ManagementMay 31, 20269 min read

How to Write a Performance Review With AI (With Examples)

A practical workflow for using AI to write fairer, faster performance reviews with clear examples, balanced language, and real manager judgment.

  • Collect broad, concrete evidence before asking AI to draft a performance review.
  • Use AI to organize notes into themes before it writes narrative prose.
  • Anchor every major point in behavior, impact, and a specific example.
  • Run a final fairness check so the review is clear, defensible, and useful to the employee.

Writing a performance review is rarely hard because managers cannot write. It is hard because the raw material is messy. You have notes from one-on-ones, project feedback, missed expectations, wins that happened months ago, and a vague sense of how the person has been showing up. AI can help, but only after you turn that material into evidence instead of impressions. Otherwise the draft becomes smooth, generic, and unfair.

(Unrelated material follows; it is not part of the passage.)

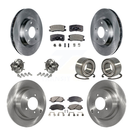 Front Rear Wheel Hub Bearings Assembly Disc Brake Rotors And Ceramic Pads Kit (10Pc) For Mitsubishi Outlander Without 7 Passenger Seating KBB-107104

The safest way to use ChatGPT for performance reviews is to treat it as a structure and drafting assistant, not as the evaluator. You decide what happened, what standards matter, and what examples support the message. The model helps you organize, phrase, and balance the review so it is easier to write and easier for the employee to understand. That is useful. Outsourcing the judgment is not.

1. Gather evidence before you ask AI to write anything

Start by collecting the inputs you would want in front of you if AI did not exist: goals, outcomes, feedback from stakeholders, notes from one-on-ones, examples of strong work, examples of missed expectations, and any role-specific criteria your company uses. Put those in bullets first. Do not ask for prose until the evidence is visible.

This step matters because performance reviews go wrong when they rely on recency, vibe, or a few memorable moments. AI can actually help reduce that bias, but only if the source material is broad enough and concrete enough. A stack of examples is much safer than a general impression like "good attitude" or "needs more ownership."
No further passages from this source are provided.